Don’t forget about the poker (where no one seemed to care that it was his birthday):

But there was another birthday dessert at Sinatra:

At Mizumi we had our favorite sushi,

Andddddd another birthday dessert!

We had just finished dinner at Bouchon the next night when a birthday call came in and the waiter asked “Is it his birthday?” Suddenly there was a whoosh and a flourish and a creme brûlée appeared:

Well, I did say the trip was over the top, didn’t I?

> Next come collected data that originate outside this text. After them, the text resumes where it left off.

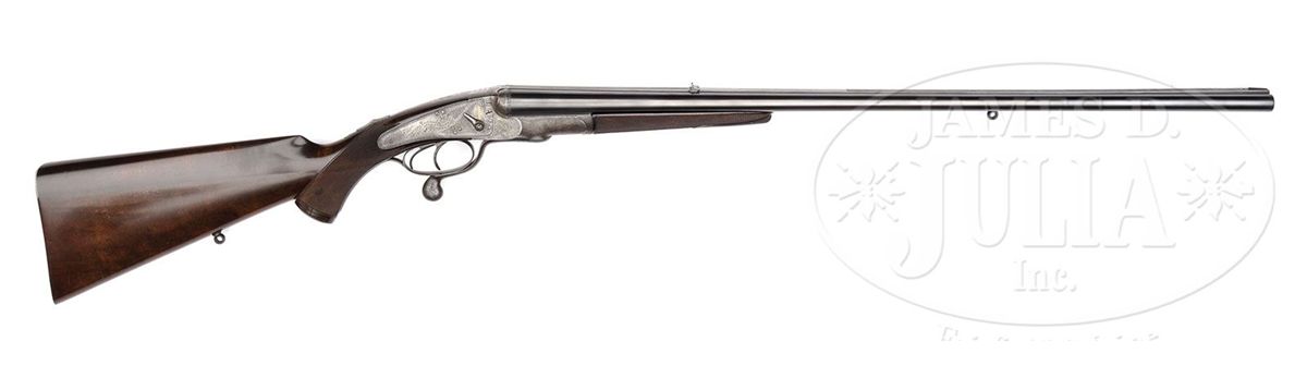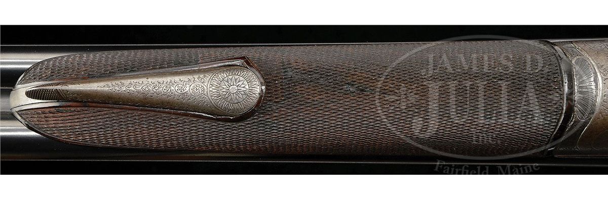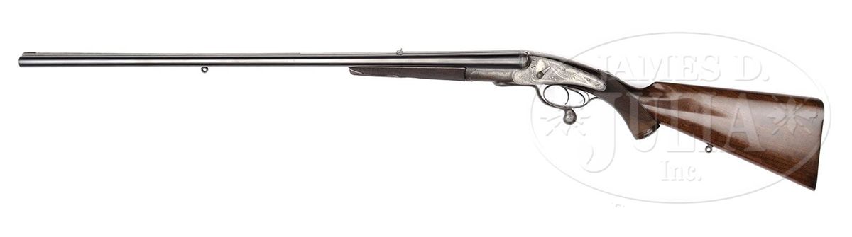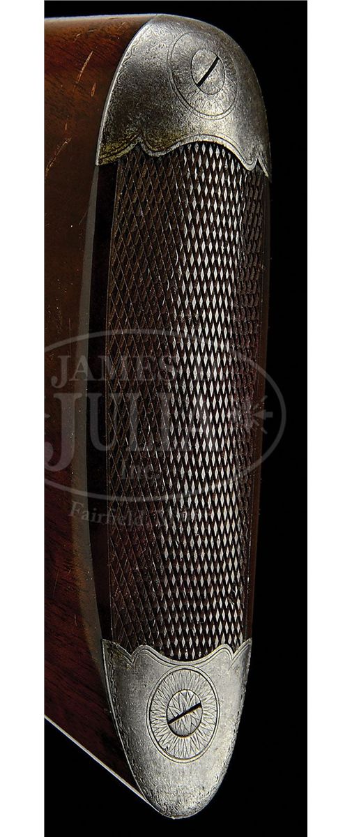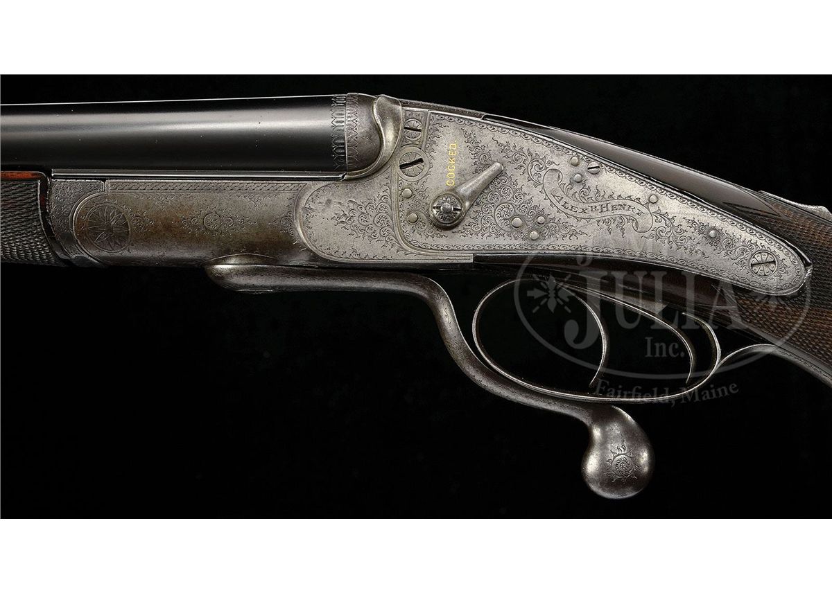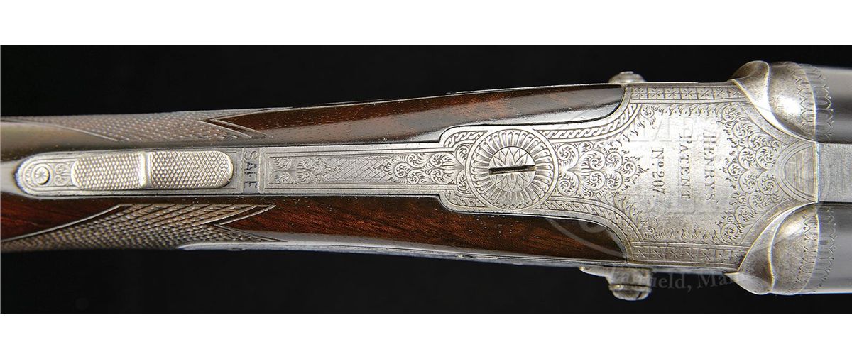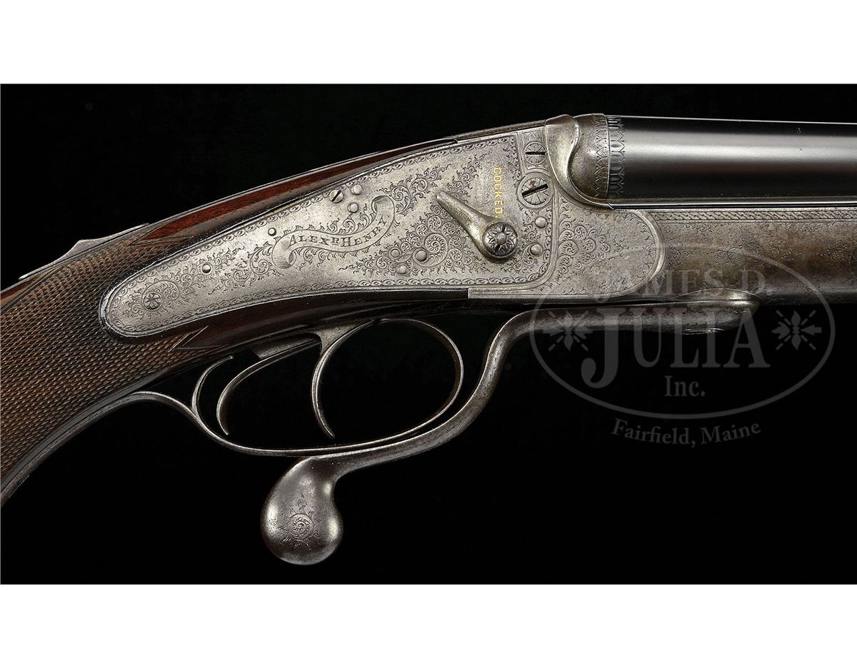 SN 6473. (1891) Cal. .450 BPE. 28" Dovetailed bbls have full length file cut rib, engraved "Alexr Henry Edinburgh & London." and mounted with one standing, one folding express rear sight and longitudinally dovetailed front bead. Bbl flats are stamped with London black powder proofs, SNs, "AH" and "450 EX". Jones under lever hammerless action (operation of under lever cocks locks) is fitted with back action hammerless locks and features automatic safety and long armed cocking indicators, which cover a gold inlaid "COCKED" when in fired position. Action has well filed fences and is engraved with 60% coverage well cut small scroll. "Alexr Henry" is on scrolled ribands on each lockplate. Top of action is engraved "Henry's Patent no. 207". Trigger guard with central portion of bow cutaway to accept operating lever, has SN at grip. Lightly figured European walnut full horn capped pistol grip buttstock measures 14-9/16" over checkered wood butt with engraved steel heel and toe plates. Point pattern checkering is at grip, and a sling eye is on toe line. Matching splinter forend is fully checkered, and has front pivoting release. Drop at heel: approx 3", drop at comb: approx 1-15/16". Weight: 8 lbs. 9 oz. LOP: 14-9/16". CONDITION: Very good, as partially refinished. Bbls retain nearly all of a high quality satin re-blue, engraving picked up. Action and lockplates are mostly pewter gray patina. Wood refinished, and retains nearly all of that finish with a number of minor marks. Checkering is re-cut and sharp. Bores have strong rifling throughout, but are frosted with some pitting. Action is slightly loose. Bbls are off face. These scarce sporting rifles often show heavy use, as they were taken to the "ends of the earth" mostly in sultry, tropical environments. 4-48314 MGM73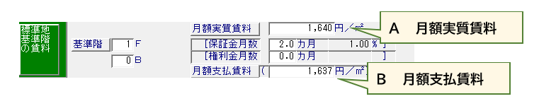 - B 月額支払賃料を入力します。 → 月額実質賃料を計算します。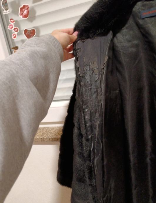 Prekrasna bunda, izvana savrsena, ali sa unutrasnje strane uz sami rub bunde se oljustio tanki sloj kože, što se može oljustiti četkicom, i samo stoga ova cijena.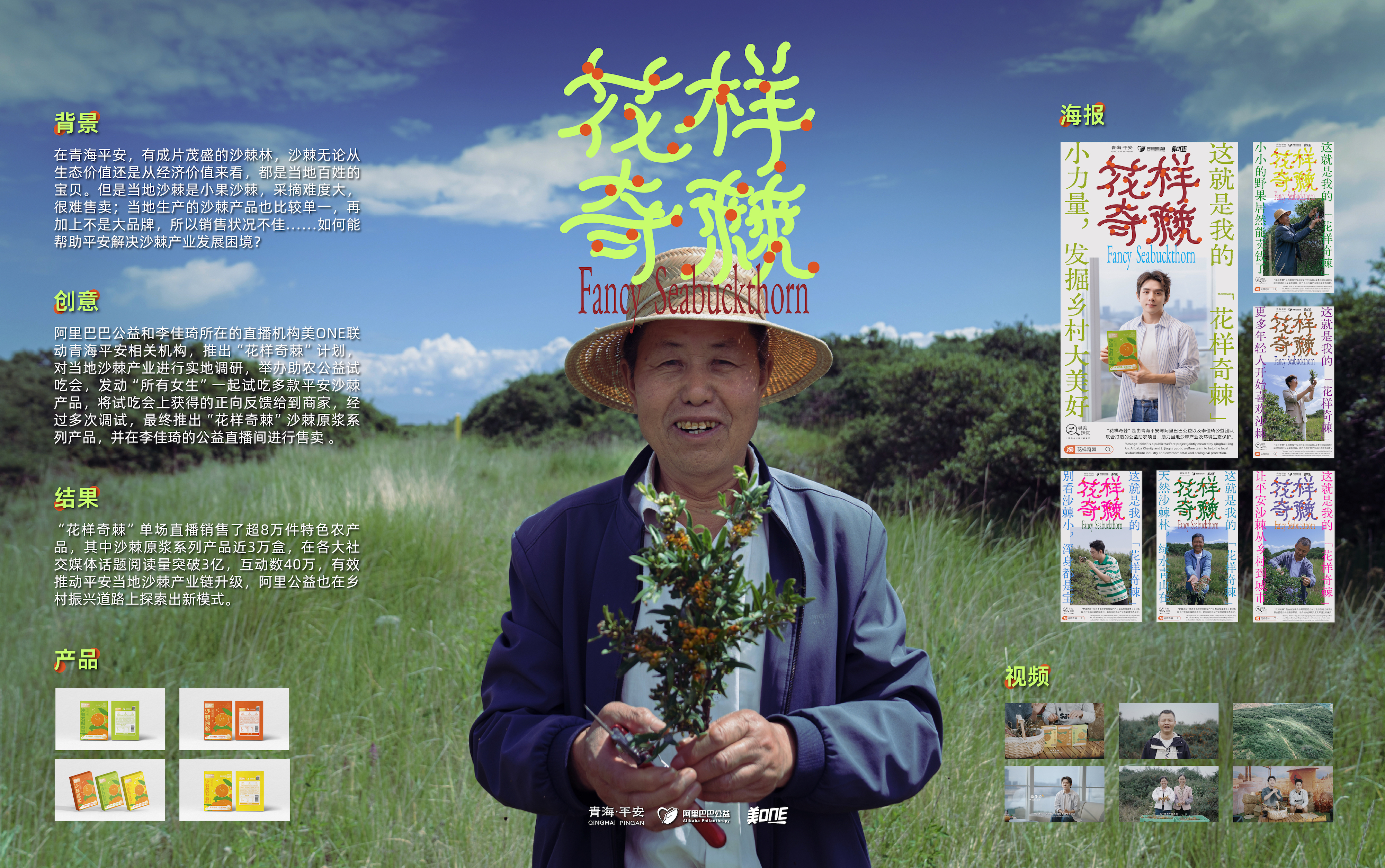 常识创意COMMON DES/GN工作室通过策略、创意、视频、平面设计、活动和社交媒体内容打造等方式,助力阿里公益×美ONE×青海平安“花样奇棘”计划,提升青海平安沙棘销售状况,促进沙棘产业链升级;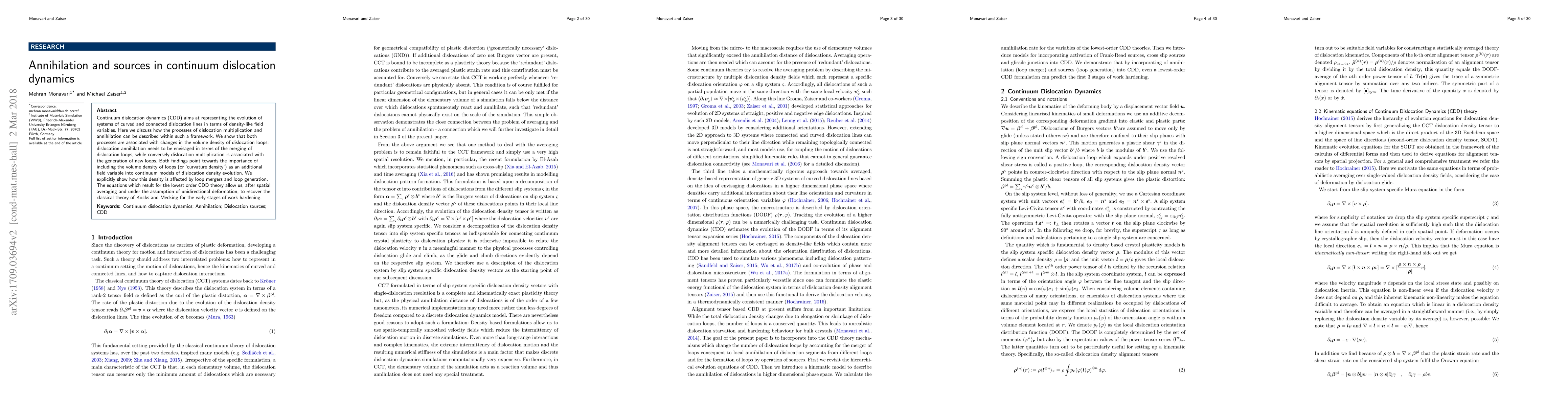 This paper explores continuum dislocation dynamics (CDD) to describe the evolution of dislocation systems, emphasizing the processes of dislocation multiplication and annihilation. It highlights the importance of incorporating the volume density of dislocation loops, or 'curvature density,' as an additional field variable in CDD models, and shows how this density changes with loop mergers and generation, ultimately recovering classical work hardening theories.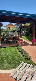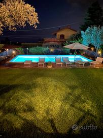 Il giardino, estremamente curato, ospita una splendida piscina di 10x5 metri completa di copertura, sei alberi di ulivo, due limoni, un pesco, un mandorlo e un pompelmo. È presente anche una zona recintata per cani con casotto in muratura.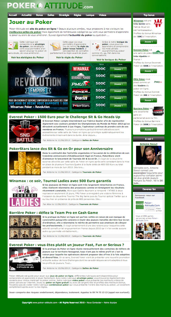 Le propriétaire de la société MONKAWEB que je connais personnelement, m’a sollicité pour la création de son site car j’avais une bonne connaissance du poker en ligne et un savoir faire en codage de site internet.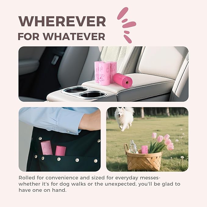 - Two Pink Styles In Every Box – Each set of Pikoto baby powder scented dog bags includes 8 rolls (128 bags total) with two designs: 4 rolls in playful light pink & 4 in bold dark pink. Not every walk looks the same - your poo bags don’t have to either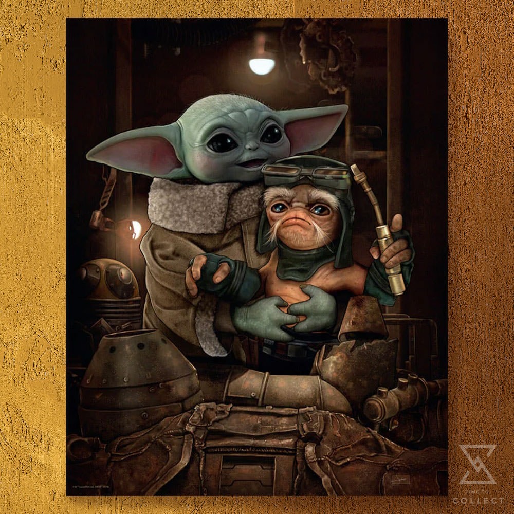 Snuggle up close to Grogu and Babu Frik in this adorable Mandalorian-inspired Star Wars artwork. Each fine-art lithograph print is hand-numbered from a limited edition of 250 pieces and includes a Certificate of Authenticity.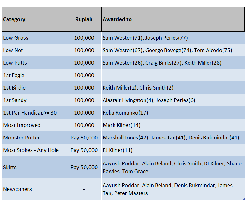 In the Tee Set Matchplay, Fernando Gaggino beat Bob Fleishmann 2 and 1 to earn himself the right to play Joseph Peries in the Kuningan Bracket semi-final, while Matt Fairey beat Wina Nugroho one up at Matoa to progress to the Matchplay Final itself on Tee Set Championship Day. In that Final, Matt will play the winner of the Alistair Livingston/Peries or Gaggino Emas Bracket Final. Got that?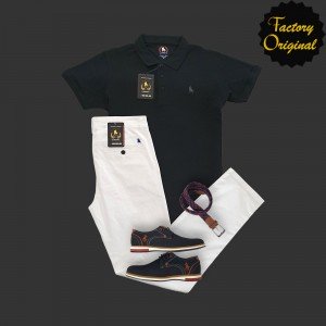 Pack polo basico negro Pantalon elastico chino blanco mocasin premium negro de SYC Factory Original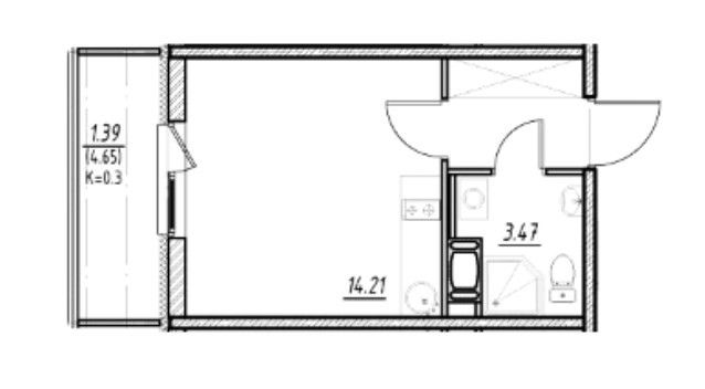 Балкон, лоджия 1 балкон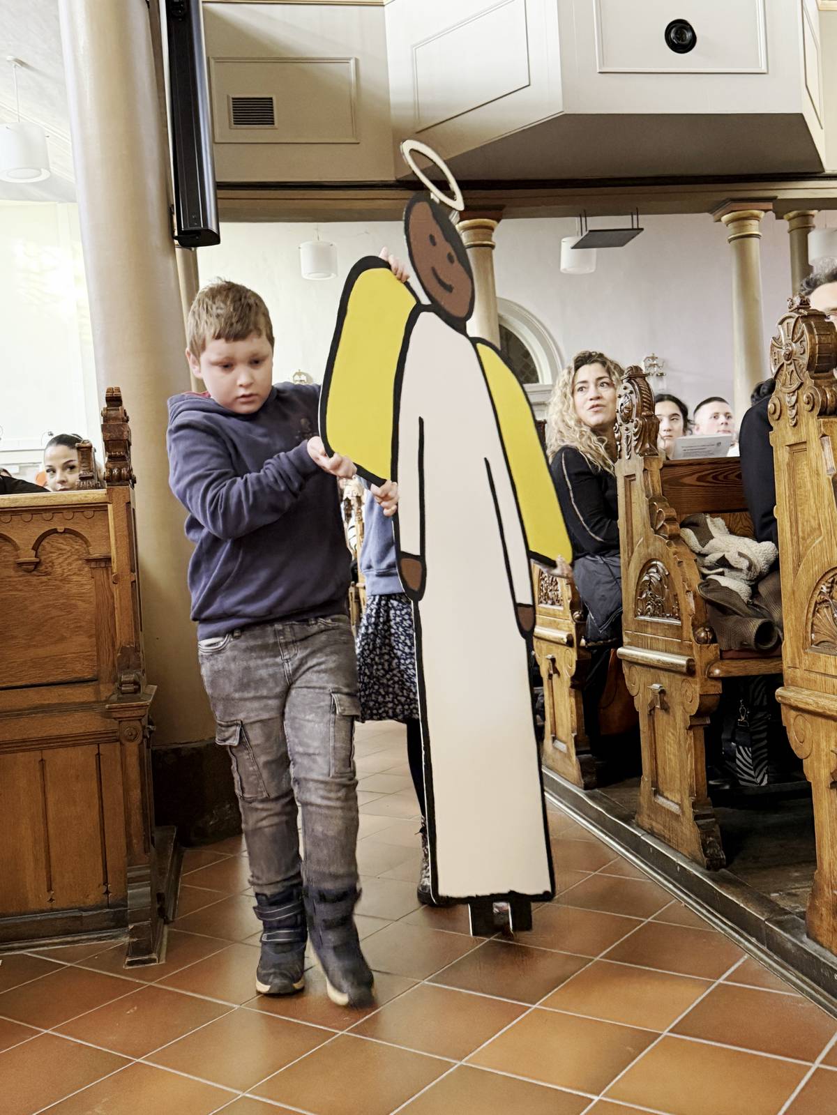 Unter dem Motto “Wir machen uns auf den Weg” fand der diesjährige Weihnachtsgottesdienst der Schule an der Höh in der Erlöserkirche statt. Schon im Vorfeld hatten sich die verschiedenen Schulstufen mit den verschiedenen Protagonisten der Weihnachtsgeschichte befasst und sich nun auf den Weg zum Gottesdienst gemacht. Zur Kirche brachten die Klassen nicht nur ein Bild mit, sie stellten aus großen Figuren ein riesiges Standbild, anhand dessen sich die Weihnachtsgeschichte verdeutlichte. Pastorin Katharina Thimm und Pastoralreferent Jan-Hendrik Ilk leiteten durch den ökumenischen Gottesdienst. Mit Gebärden, vielen Liedern und tollen Bildern wurde der Gottesdienst elementar und mit vielen Sinnen erlebbar. Am Ende gab es für alle Besucherinnen und Besucher noch einen Button mit auf den Weg, als Erinnerung daran, dass Gott mit allen gemeinsam auf dem Weg ist.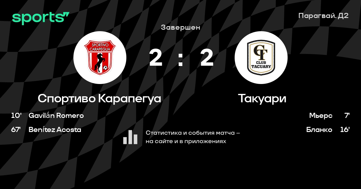 Спортиво Карапегуа – Такуари: Такуари забивает в 9 последних матчах против этого соперника
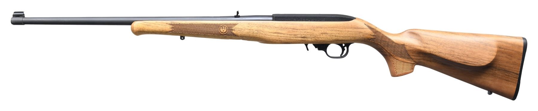 2) 10/22 FRENCH WALNUT. Cal. 22 LR. S# 353-75116. Bbl. 20". Gold bead front sight. Flip-up rear sight. Receiver factory drilled & tapped for scope mounting. Ruger catalog #10/22RB-CIII & model 01221 Talo French Walnut 10/22 made in 2009. Blued & anodized finishes. French walnut pistol grip stock with left side cheekpiece & bottom mounted sling studs. MAGS: 1-10 rd. UNATTACHED ACCESSORIES: matching numbered factory box with manual, paperwork, scope mount & trigger lock. CONDITION: all aspects near excellent. (24-3747/MJC). ALL MODERN. $500-7500.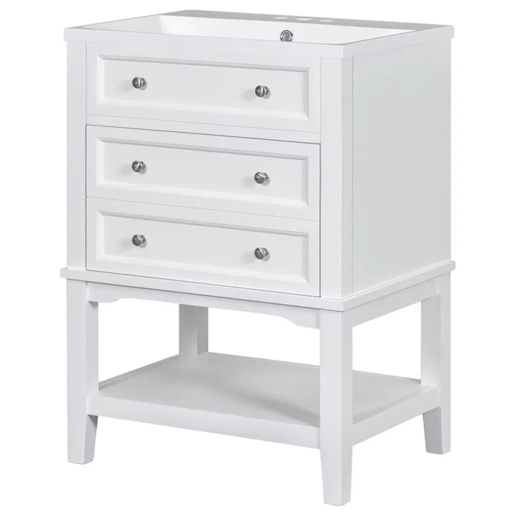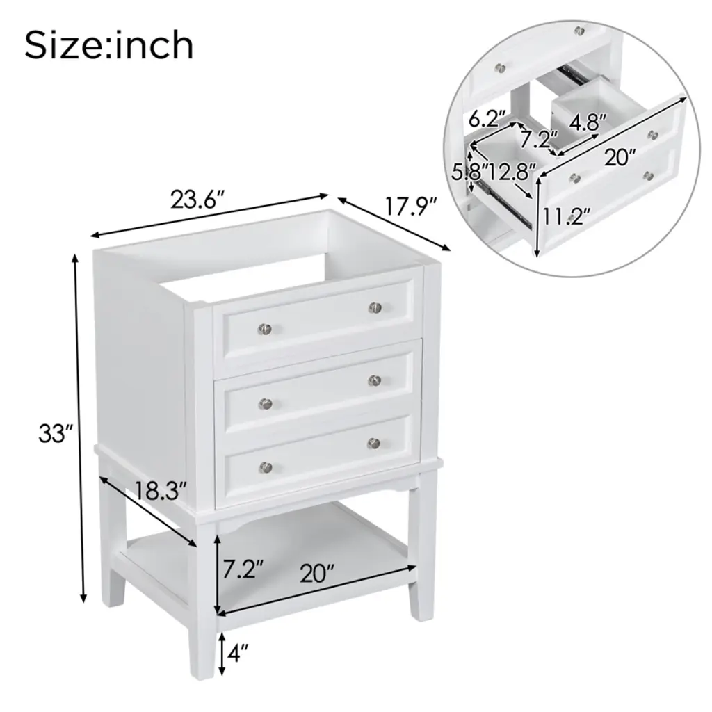 Chicfurnit Bathroom Vanity 24 Inch Bathroom Cabinet Base With Drawer And Open Shelf For Bathroom, White, 23.6"*17.9"*33"

And as our time there came to an end, the CE thought it had been a pretty good birthday.

Little did he know…

Along with all the things he’s collected along the way, the collection most precious to him is his children, and three of the four made a heroic effort to surprise him for the mid-milestone birthday. I’m not sure how we all managed to keep the secret, but one by one, Taylor, Daniel and Tina slipped into Las Vegas and gathered to shout out “Surprise!” when we arrived at Mon Ami Gaby for the last dinner of the trip. (Angie was there in spirit):

That is a very, very happy dad!

We had a wonderful dinner, oh, and of course another birthday dessert:

There was a little bit of fun at the tables:

And then we stepped out onto Las Vegas Boulevard:

And ended the evening with a visit to the iconic Bellagio fountains:

We didn’t have a whole lot of time together, but every minute of it was magical.

Truly a birthday to remember.

“The longer I live the more beautiful life becomes.”